---- INPUT RECORDS
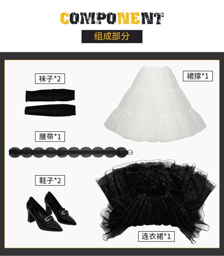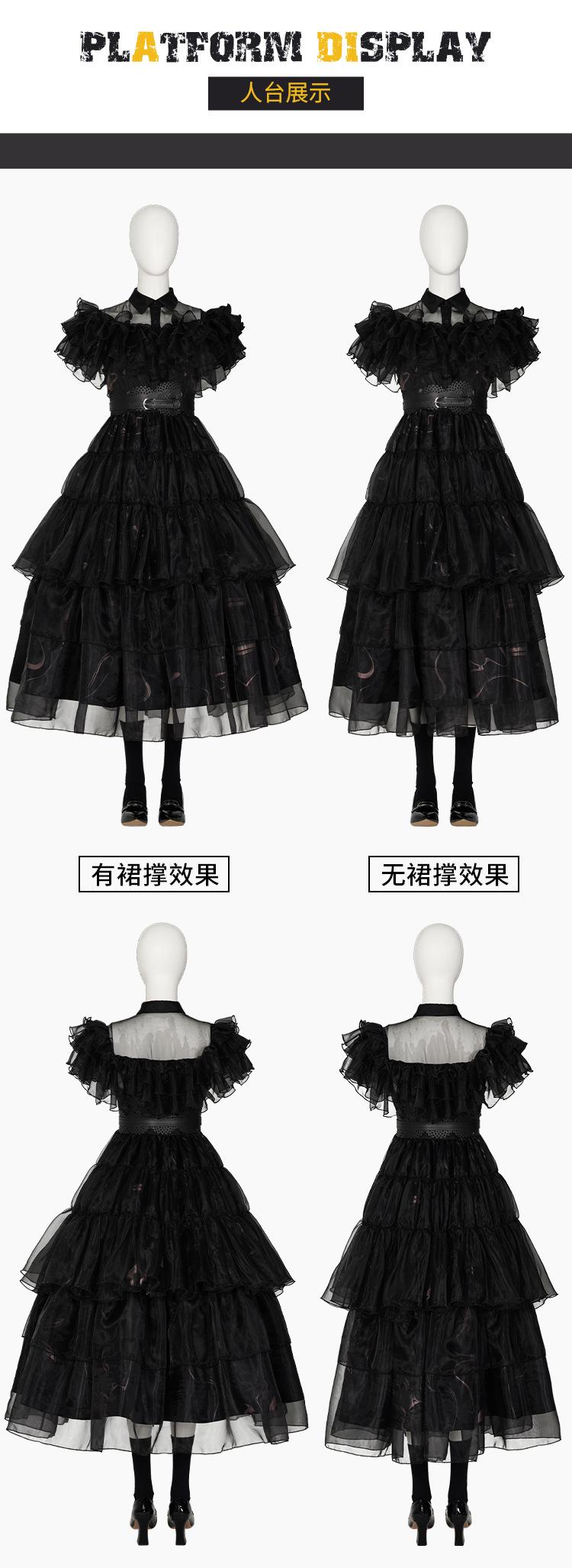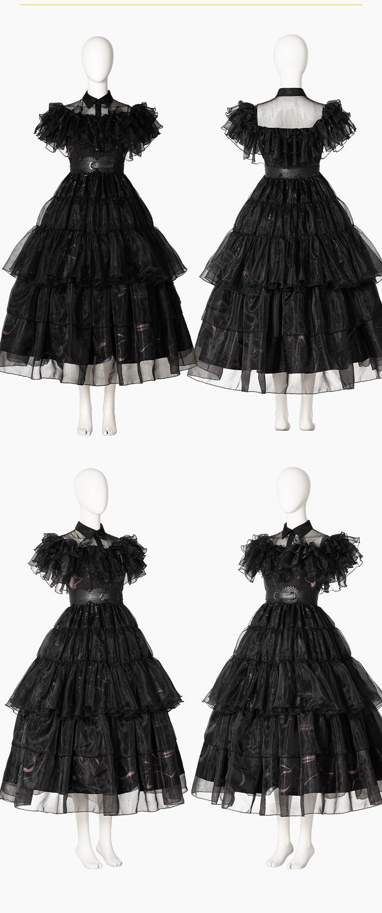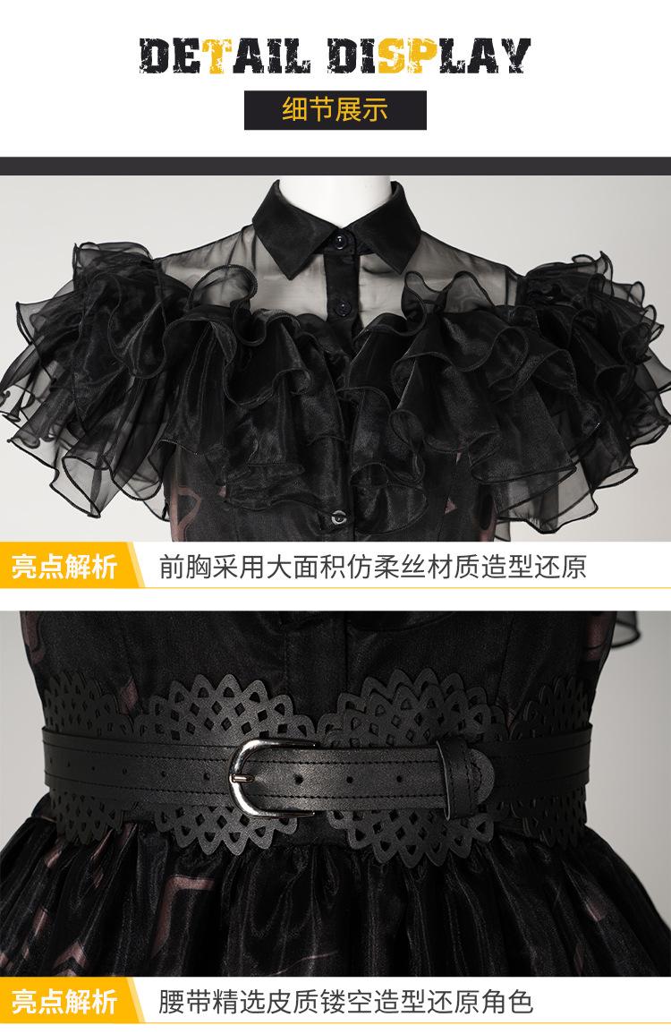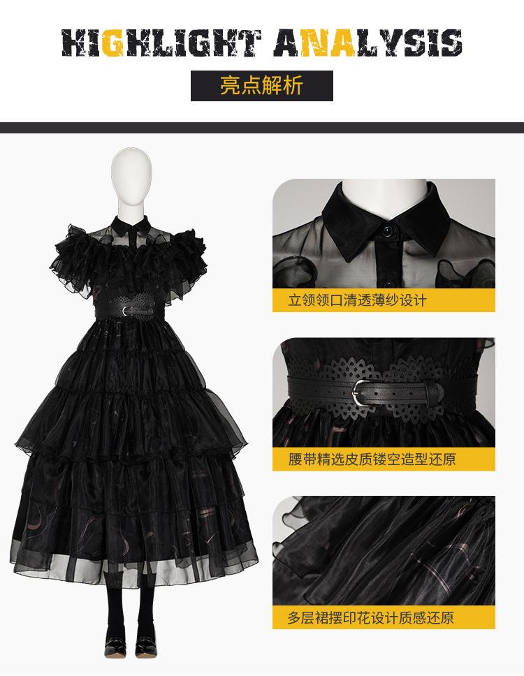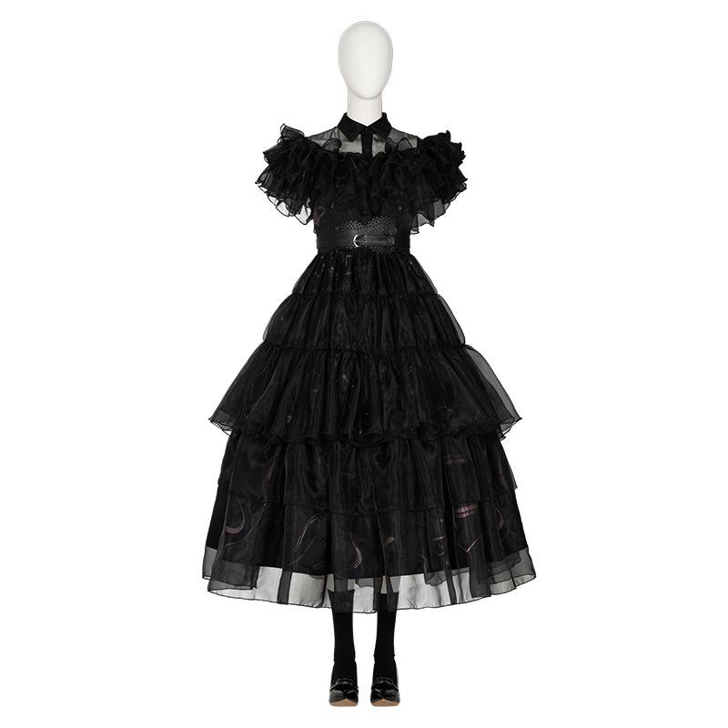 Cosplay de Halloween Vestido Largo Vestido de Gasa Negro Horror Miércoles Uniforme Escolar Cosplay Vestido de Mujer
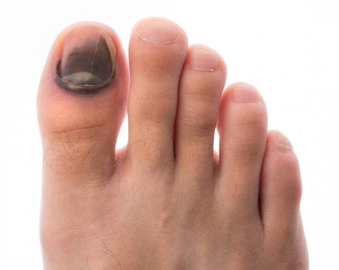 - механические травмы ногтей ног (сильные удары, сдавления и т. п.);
--------
---- INPUT RECORDS
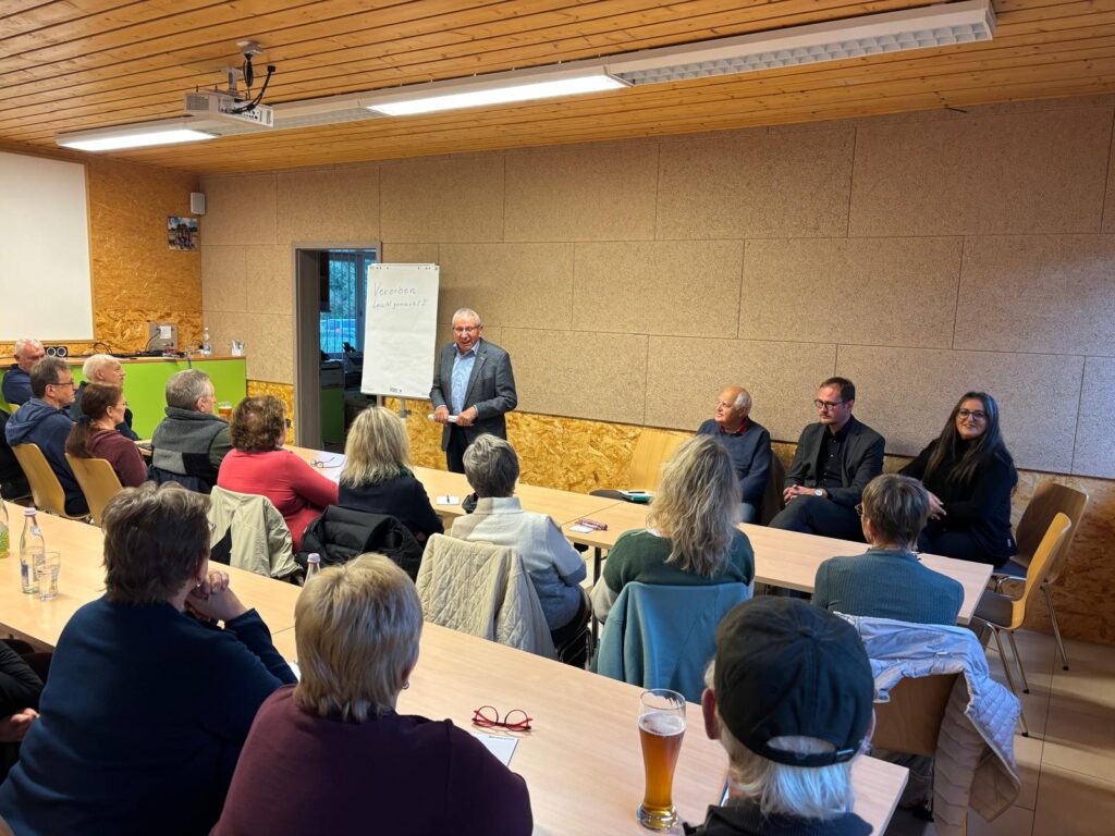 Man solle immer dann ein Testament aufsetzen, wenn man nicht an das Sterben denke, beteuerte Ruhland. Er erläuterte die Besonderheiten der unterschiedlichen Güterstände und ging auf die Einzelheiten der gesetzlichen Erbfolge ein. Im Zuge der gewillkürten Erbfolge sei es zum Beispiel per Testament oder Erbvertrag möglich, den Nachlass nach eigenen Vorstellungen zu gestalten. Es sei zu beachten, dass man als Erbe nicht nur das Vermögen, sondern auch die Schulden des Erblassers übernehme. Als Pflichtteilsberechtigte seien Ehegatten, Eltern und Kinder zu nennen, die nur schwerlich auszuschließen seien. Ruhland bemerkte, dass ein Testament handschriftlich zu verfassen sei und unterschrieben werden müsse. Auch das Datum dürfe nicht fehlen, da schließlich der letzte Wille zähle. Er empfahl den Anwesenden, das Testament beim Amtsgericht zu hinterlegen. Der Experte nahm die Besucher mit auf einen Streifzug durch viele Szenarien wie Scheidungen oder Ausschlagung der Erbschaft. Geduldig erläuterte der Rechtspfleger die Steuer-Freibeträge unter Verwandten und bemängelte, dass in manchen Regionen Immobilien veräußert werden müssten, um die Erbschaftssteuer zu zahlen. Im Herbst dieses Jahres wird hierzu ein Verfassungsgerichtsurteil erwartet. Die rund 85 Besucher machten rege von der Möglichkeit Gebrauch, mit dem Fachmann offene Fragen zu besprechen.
--------
---- INPUT RECORDS
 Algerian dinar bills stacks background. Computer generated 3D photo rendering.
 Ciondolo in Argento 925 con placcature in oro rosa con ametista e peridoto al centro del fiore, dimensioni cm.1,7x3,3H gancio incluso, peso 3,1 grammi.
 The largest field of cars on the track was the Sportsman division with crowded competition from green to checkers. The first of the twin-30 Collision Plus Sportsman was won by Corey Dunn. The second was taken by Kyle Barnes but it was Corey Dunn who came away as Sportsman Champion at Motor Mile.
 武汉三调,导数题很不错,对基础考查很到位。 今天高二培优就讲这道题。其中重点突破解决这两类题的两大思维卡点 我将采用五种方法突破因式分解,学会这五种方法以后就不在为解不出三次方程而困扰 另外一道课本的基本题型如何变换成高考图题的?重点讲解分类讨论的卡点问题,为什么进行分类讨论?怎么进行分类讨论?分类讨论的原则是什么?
--------
Return only the part above that opens with the line containing "Cosplay de Halloween" and closes with the line containing "- механические травмы", exactly and with both ends, skipping the pictures.

 Cosplay de Halloween Vestido Largo Vestido de Gasa Negro Horror Miércoles Uniforme Escolar Cosplay Vestido de Mujer
 - механические травмы ногтей ног (сильные удары, сдавления и т. п.);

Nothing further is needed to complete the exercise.